WASHINGTON - The U.S. military is facing the gravest allegations of sexual misconduct in years, with dozens of servicewomen in the Persian Gulf area and elsewhere saying they were sexually assaulted or raped by fellow troops, lawmakers said yesterday.
There have been 112 reports of sexual misconduct over roughly the past two years in the Central Command area of operations, which includes Iraq, Kuwait and Afghanistan, military officials said yesterday. The Army has reported 86 incidents, the Navy 12, the Air Force eight and the Marine Corps six.
Military officials said that the bulk of the allegations were being investigated and that some had resulted in disciplinary actions, but they could not provide specifics. They added that a small number of the reports turned out to be unfounded.
Also, about two dozen women at Sheppard Air Force Base, in Texas, have reported to a local rape-crisis center that they were assaulted in 2002. The Air Force Academy is still reeling from the disclosure last year of more than 50 reported assaults or rapes over the past decade.

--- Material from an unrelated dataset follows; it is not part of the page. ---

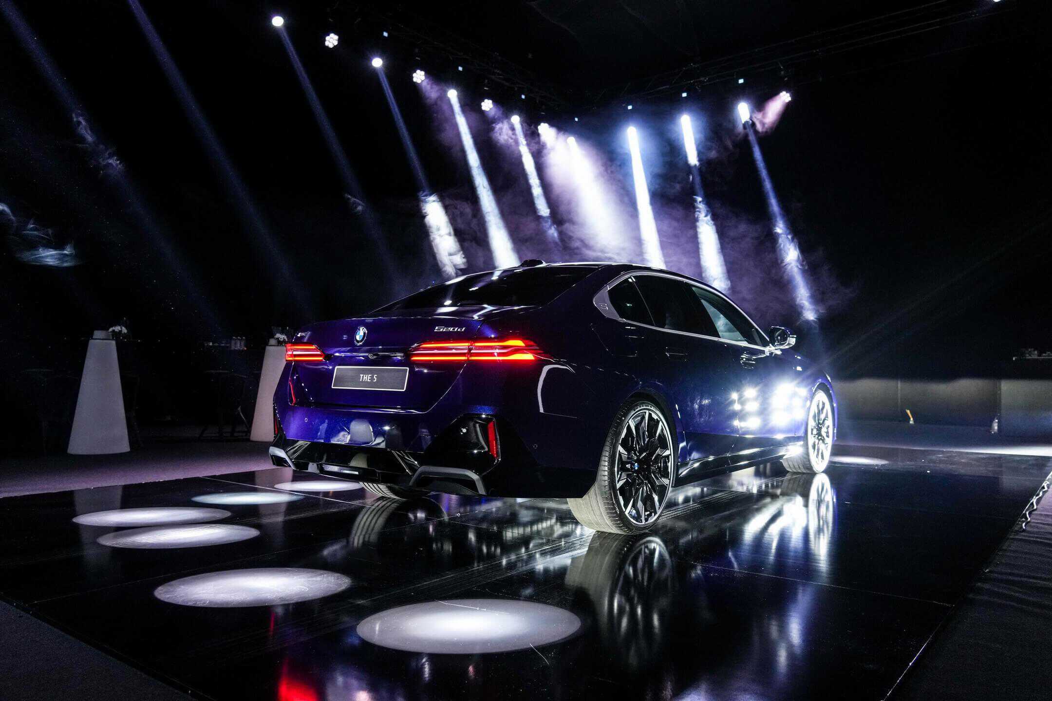 Since it’s not the i5 M60 with its sportier grille design we’ll also see on the next M5, the lesser 5 Series has a conventional kidney grille with vertical silver slats on a shiny black panel. We’re used to seeing BMWs with loads of Shadowline upgrades but this one retains the traditional silver exterior accents, including for the Hofmeister kink where a large “5” logo now calls home. Open the doors and a similar motif is found on the B-pillars.

The latest allegations are the most extensive set of sexual harassment charges since the Navy's Tailhook incident of 1991 and the Army's drill-sergeant scandal about five years later.
The issue came to a boil at a contentious hearing yesterday on Capitol Hill, where Senate Democrats and Republicans sharply questioned the Pentagon's top personnel official and four four-star generals for what the lawmakers said were inexplicable lapses in the military's ability to protect servicewomen.
Lawmakers said they were particularly appalled by reports that women serving as military police had been assaulted by male colleagues in remote combat zones such as Iraq and Afghanistan, where immediate medical treatment and a sense of justice seemed to be lacking.
"No war comes without cost, but the cost should be borne out of conflict with the enemy, and not because of egregious violations by our some of own troops," said GOP Sen. Susan Collins of Maine, a member of the personnel subcommittee of the Armed Services Committee.
The Pentagon's personnel chief, David S.C. Chu, assured lawmakers that the Defense Department was treating the issue seriously, and that "all policies are on the table" as part of a 90-day review, whose findings and recommendations are due by April 30. He said the immediate priority would be to provide better care to assault victims.